1. $\varepsilon^\dagger$ has small eigenvalues, i.e. eigenvalues substantially smaller than $1$.   
  It can be shown that $v_c$ is a positive operator with eigenvalues larger than $1$ and that $\chi_0$ is non-positive. Usually the $v_c$ term of the kernel dominates over $K_\text{xc}$, such that in most cases $\varepsilon^\dagger$ has a smallest eigenvalue around $1$. In this type of instability therefore $K_\text{xc}$ dominates over $v_c$, which usually is associated with symmetry breaking, e.g. a paramagnetic system close to a ferromagnetic phase transition.
2. Large modes of $\chi_0$ causing large eigenvalues in $\varepsilon^\dagger$.  
  A typical case are localised $d$- or $f$-states near the Fermi level.
3. Large eigenvalues of $v_c$: This is the familiar case of **charge sloshing** and was discussed in [2_preconditioning.ipynb](/notebooks/2_preconditioning.ipynb).

**Exercise:**
There are thus plenty more situations where investigating the eigenvalues of the dielectric matrix with and without preconditioning is insightful.
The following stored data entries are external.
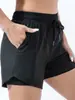 Pantalones cortos deportivos de verano de cintura alta y secado rápido para mujer, holgados, de doble capa, antideslizamiento, de dos piezas, para correr, yoga y fitness.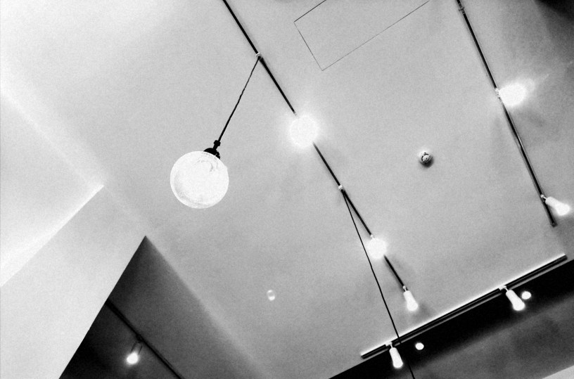 這間咖啡廳設計得像Apple Store蘋果商店,一張大桌,正敲著老IBM電腦的男子已經佔了一角,我們則把大桌剩下的五、六個座位全都收了,我坐的位子、這個木長凳子乾乾淨淨的,和所有東西都成直角;我的背靠著乾淨無暇的木牆壁,屁股坐在水平的木長凳,我的手臂靠在水平的木色大桌,背景音樂一直都是類似健身房的快節奏,像我家兒女偶爾愛聽的,身體不自主左右擺動,然後再專注,做一陣子,又跟著搖動一下,大概是因為週五,氣氛特別高昂。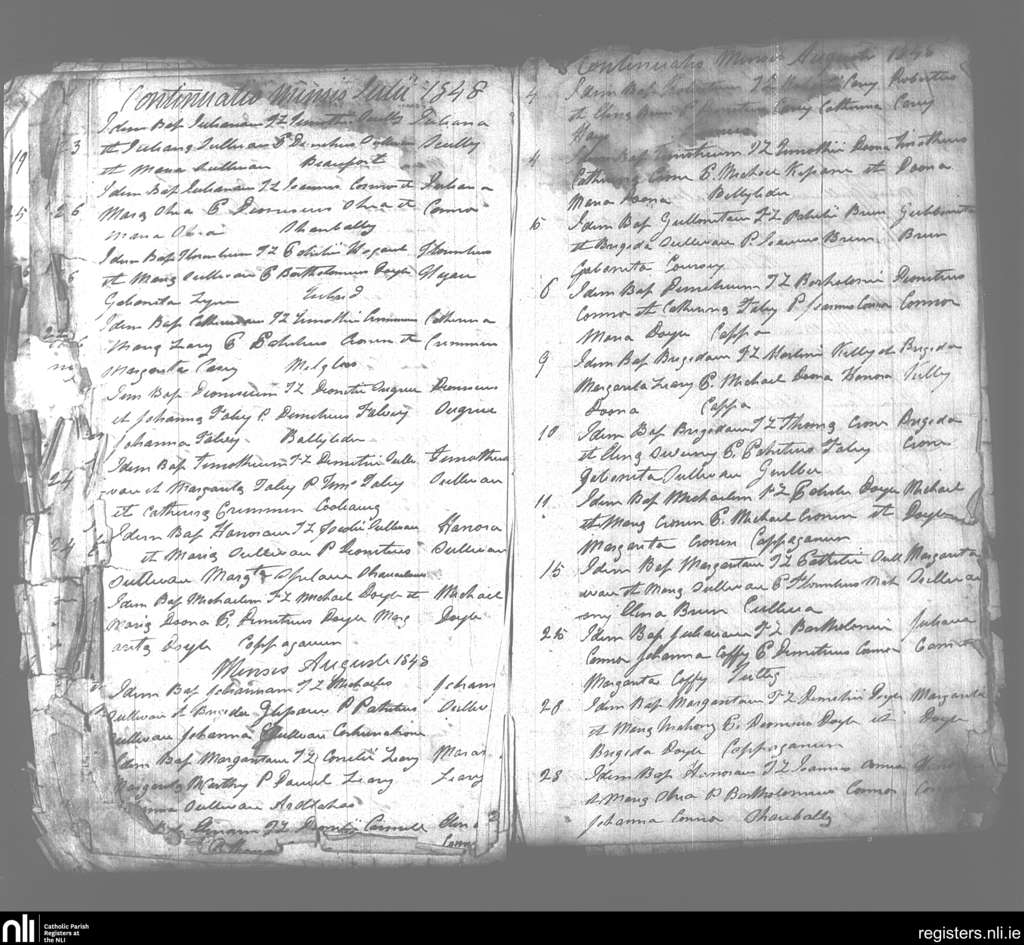 Beaufort; County of Kerry; Diocese of Kerry. Baptisms, July 1848 to Aug. 1848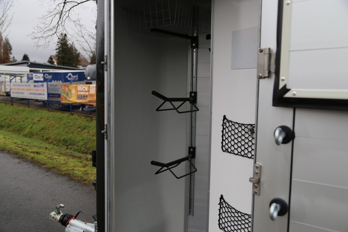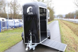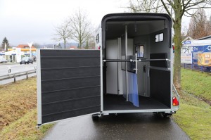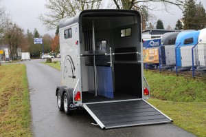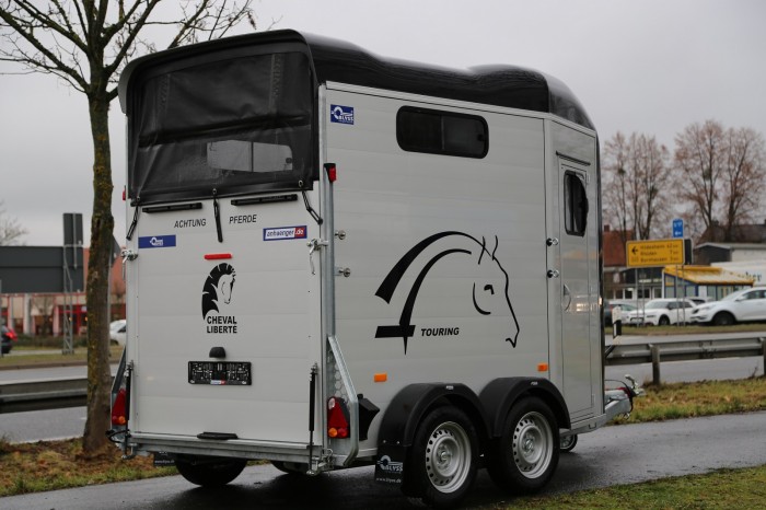 Technische DatenAnhängertyp | Cheval Liberte Touring Country | Gesamtgewicht | 2600kg | Nutzlast | ca. 1775kg | Innenmaße | ca. L: 320cm, B: 167cm, H: 235cm | Außenmaße | ca. L: 443cm, B: 215cm, H: 270cm | Elektrik | 13 polig / mit Rückfahrscheinwerfer | Reifen | 185/65R14 | Gebremste Achse | Serie | Anzahl der Achsen | 2 | Rahmen | massives feuerverzinktes Rahmenprofil | Boden | Aluminium | Stützrad serienmäßig | Automatikstützrad | Aufbau | Eloxierte Aluminium Wände | Haube | Polyesterhaube mit Verstärkung | Fenster | 2 Schiebefenster mit Windabweiser vorne | Fahrwerk | Pullman 2 | Heckrampe | Heckklappe dreh und schwenkbar mit Planenrollo oben | Breiter Frontausstieg | mit Seitenklappe oben | hohe Einstiegstür | Ja | Panikentriegelung | Ja | Trittschutz und Seitenpolsterung | Ja | Aluminium bewegliche Mitteltrennwand | mit Hengstgitter und ABS-Sichtschutz | 4 Verstellbare Boxenstangen | Ja | Innenlicht | mit Schalter |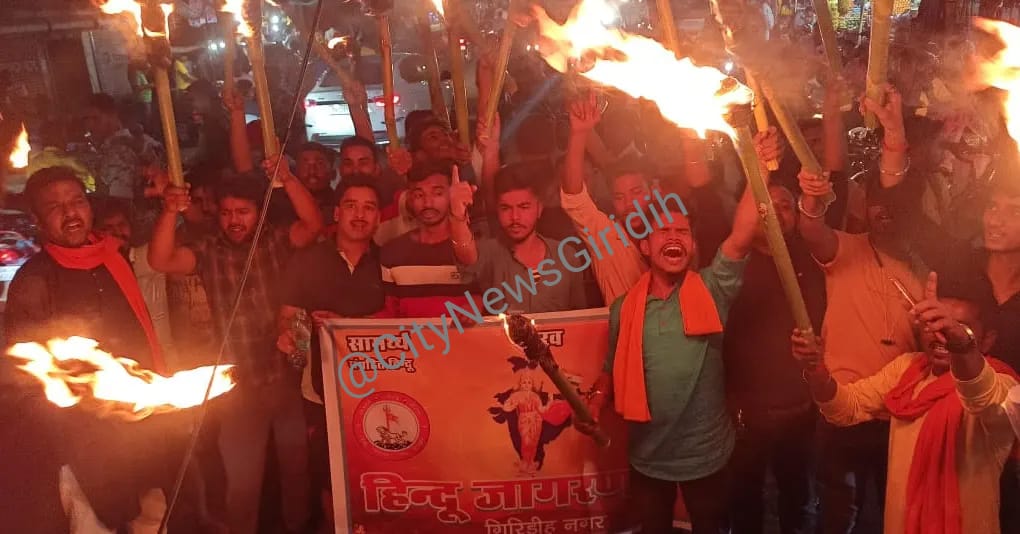 गिरिडीह: राजस्थान के उदयपुर में कन्हैया लाल की निर्मम हत्या को विरोध में हिन्दू जागरण मंच ने शनिवार सैकड़ों की संख्या में कार्यकर्ता झंडा मैदान से आक्रोश प्रदर्शन अपने हाथों में मशाल जुलूस लेकर पद यात्रा करते हुए टावर चौक पहुंचकर जमकर प्रदर्श किया। इस दौरान सभी कार्यकर्ताओं ने एक सुर में कहा कि जिहादि हत्यारों को जल्द से जल्द गिरफ्तार कर फ़ासी की सजा दी जाए। साथ ही हिंदू जागरण मंच ने राजस्थान सरकार से कन्हैया लाल के परिवार वालों को उचित मुआवजे ओर एक परिवार को सरकारी नौकरी देने की मांग की। इस बाबत मंच के सदस्यों ने बताया कि जिस प्रकार इस्लामिक कट्टरता द्वारा हिंदुओं को टारगेट करके पूरे देश में हत्या की जा रही है इसको लेकर हिंदू समाज में काफी आक्रोश है। इन हत्यारों को सरकार जल्द से जल्द से जल्द गिरफ्तार फांसी के तख्ते पर चढ़ाने का काम करें। मौके पर जिलाध्यक्ष शिव शक्ति शाहा, सुरेश साहू रितेश कुमार मुकेश पांडे योगेश मिश्र मुन्ना रजवार रितिक चंद्रवंशी उज्जैन गोस्वामी सोनू गुप्ता चंदन पांडे सागर पांडे समेत सैकड़ों की संख्या में मंच के लोग शामिल थे।

If you are interested in running any of these analyses, please contact us during the exercises and we will give you further instructions:

1. Near a magnetic phase transition: Forcing iron into a collinear spin solution and finding the spin-breaking mode in the dielectric matrix.
2. Investigating the convergence of an isolated oxygen atom as a proxy to understand the ill-conditioning of localised $p$, $d$ or $f$ states.
3. The effectiveness of the LDOS preconditioning on large mixed systems, investigated using a pseudo-1D model system (mixed sodium-helium-chain).